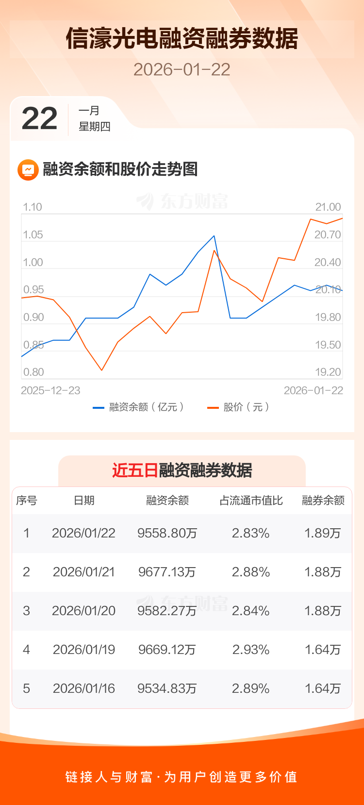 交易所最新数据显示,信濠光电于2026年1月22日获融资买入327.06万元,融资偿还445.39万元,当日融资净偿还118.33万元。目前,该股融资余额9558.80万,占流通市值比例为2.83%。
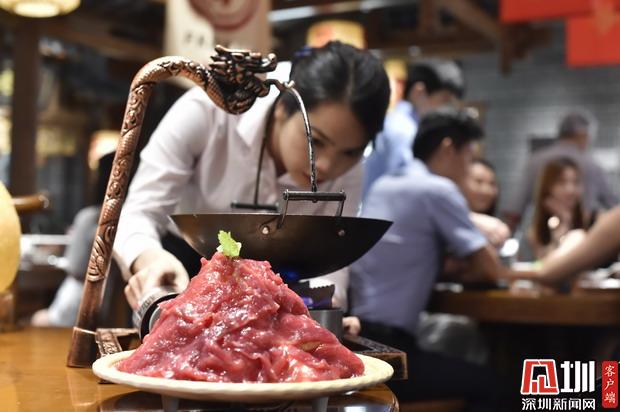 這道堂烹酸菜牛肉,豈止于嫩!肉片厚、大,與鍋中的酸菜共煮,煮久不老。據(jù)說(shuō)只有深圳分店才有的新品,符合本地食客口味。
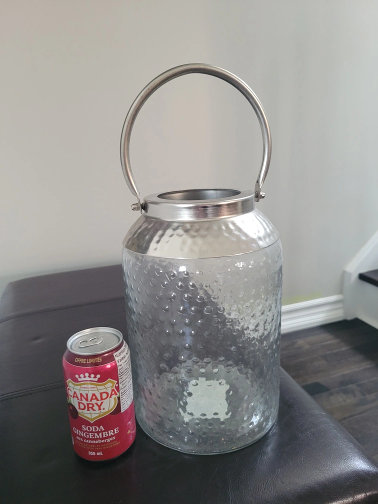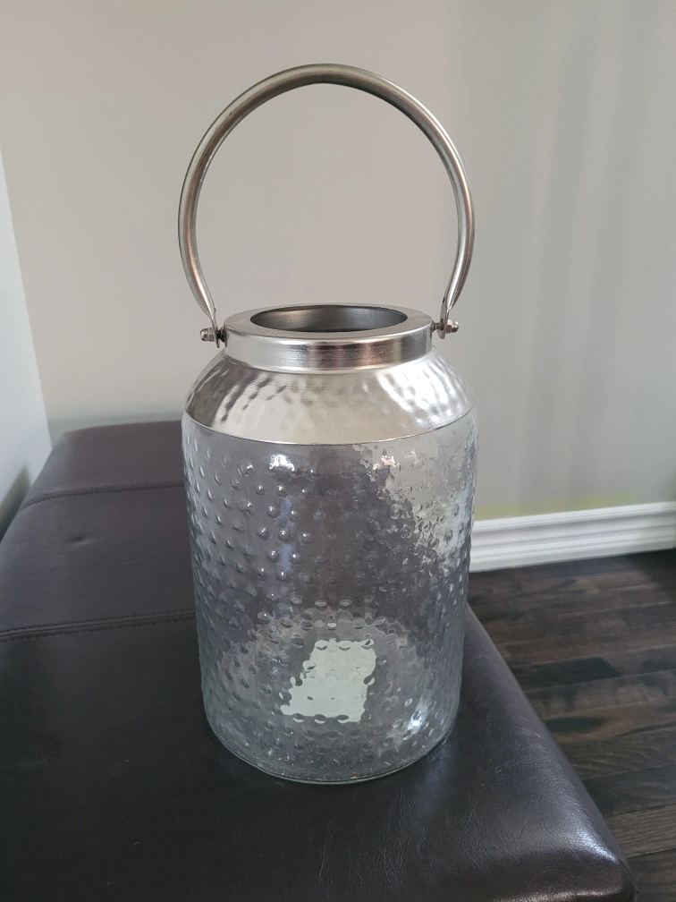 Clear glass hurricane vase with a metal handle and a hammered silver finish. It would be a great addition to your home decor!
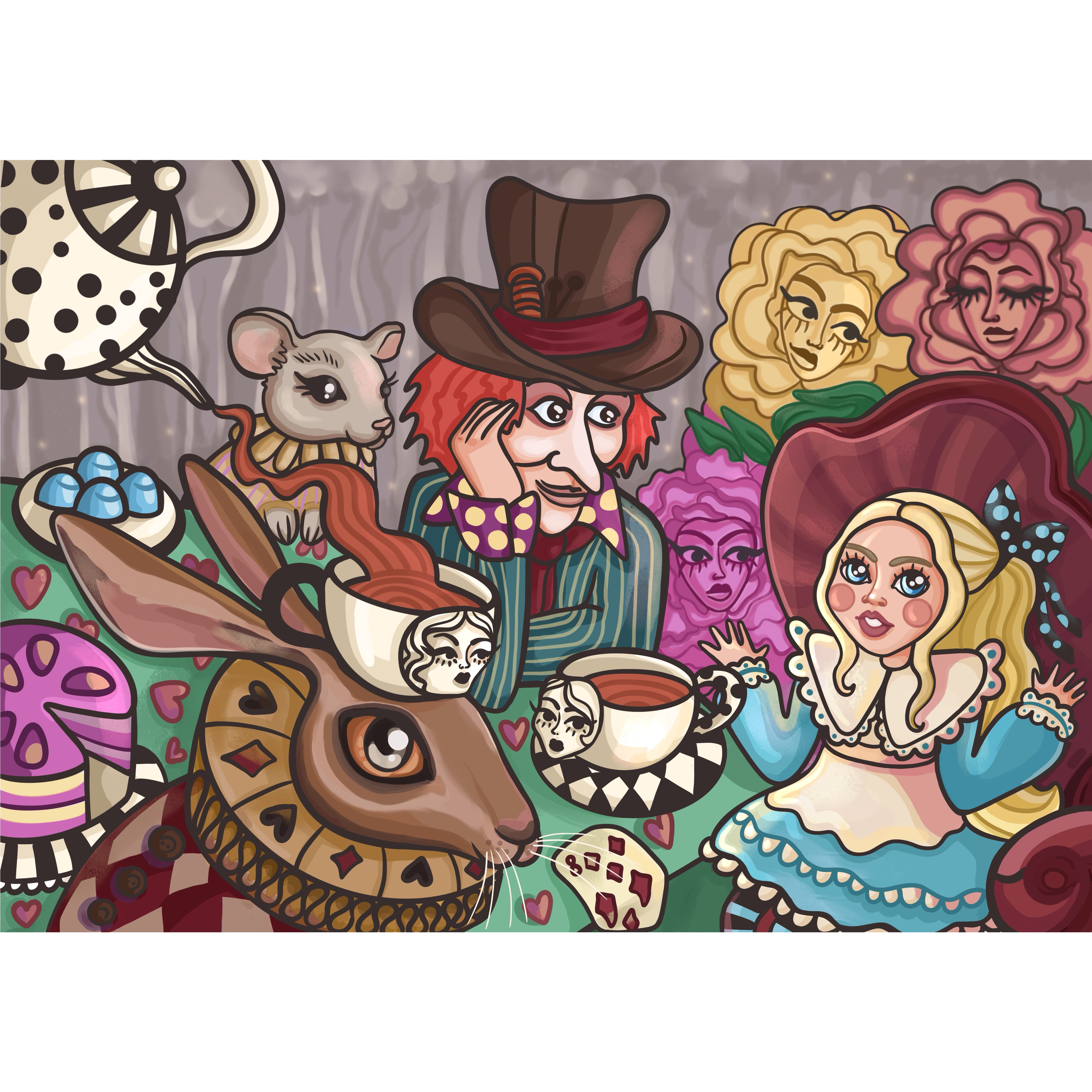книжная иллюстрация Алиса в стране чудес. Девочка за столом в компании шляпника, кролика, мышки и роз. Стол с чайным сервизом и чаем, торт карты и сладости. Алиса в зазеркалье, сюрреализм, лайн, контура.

§ **What you have to do**
Please restate, word for word, the lines from the one with "這道堂烹酸菜牛肉,豈止于嫩!" through the final line of the material, both included, and omit the pictures.

§ **Reply to the task**
 這道堂烹酸菜牛肉,豈止于嫩!肉片厚、大,與鍋中的酸菜共煮,煮久不老。據(jù)說(shuō)只有深圳分店才有的新品,符合本地食客口味。
 Clear glass hurricane vase with a metal handle and a hammered silver finish. It would be a great addition to your home decor!
книжная иллюстрация Алиса в стране чудес. Девочка за столом в компании шляпника, кролика, мышки и роз. Стол с чайным сервизом и чаем, торт карты и сладости. Алиса в зазеркалье, сюрреализм, лайн, контура.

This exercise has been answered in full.